▶ [TASK INSTRUCTIONS]
Starting with the line with "특히 간구 기도를 통해" in the entries below and going on through the line with "4.エクスポートしたいレイア", output every line exactly and nothing more. No pictures.

▶ [SOURCE INFORMATION]
--
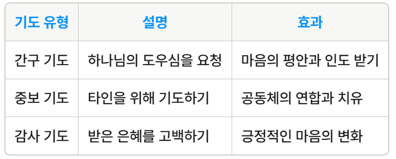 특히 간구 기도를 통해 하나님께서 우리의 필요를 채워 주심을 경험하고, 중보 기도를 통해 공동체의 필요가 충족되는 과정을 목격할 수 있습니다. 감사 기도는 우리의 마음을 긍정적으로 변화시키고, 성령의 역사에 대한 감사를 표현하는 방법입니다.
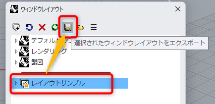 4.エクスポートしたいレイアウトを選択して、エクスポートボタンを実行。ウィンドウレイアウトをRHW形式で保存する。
--
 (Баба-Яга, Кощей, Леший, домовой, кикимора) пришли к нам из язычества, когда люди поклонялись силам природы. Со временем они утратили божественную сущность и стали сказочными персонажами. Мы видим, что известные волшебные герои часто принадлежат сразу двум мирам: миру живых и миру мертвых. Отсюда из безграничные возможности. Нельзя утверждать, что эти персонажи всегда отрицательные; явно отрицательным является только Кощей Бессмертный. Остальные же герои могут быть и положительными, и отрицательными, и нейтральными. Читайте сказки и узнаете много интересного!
--
▶ [THE COMPLETED TASK]
 특히 간구 기도를 통해 하나님께서 우리의 필요를 채워 주심을 경험하고, 중보 기도를 통해 공동체의 필요가 충족되는 과정을 목격할 수 있습니다. 감사 기도는 우리의 마음을 긍정적으로 변화시키고, 성령의 역사에 대한 감사를 표현하는 방법입니다.
 4.エクスポートしたいレイアウトを選択して、エクスポートボタンを実行。ウィンドウレイアウトをRHW形式で保存する。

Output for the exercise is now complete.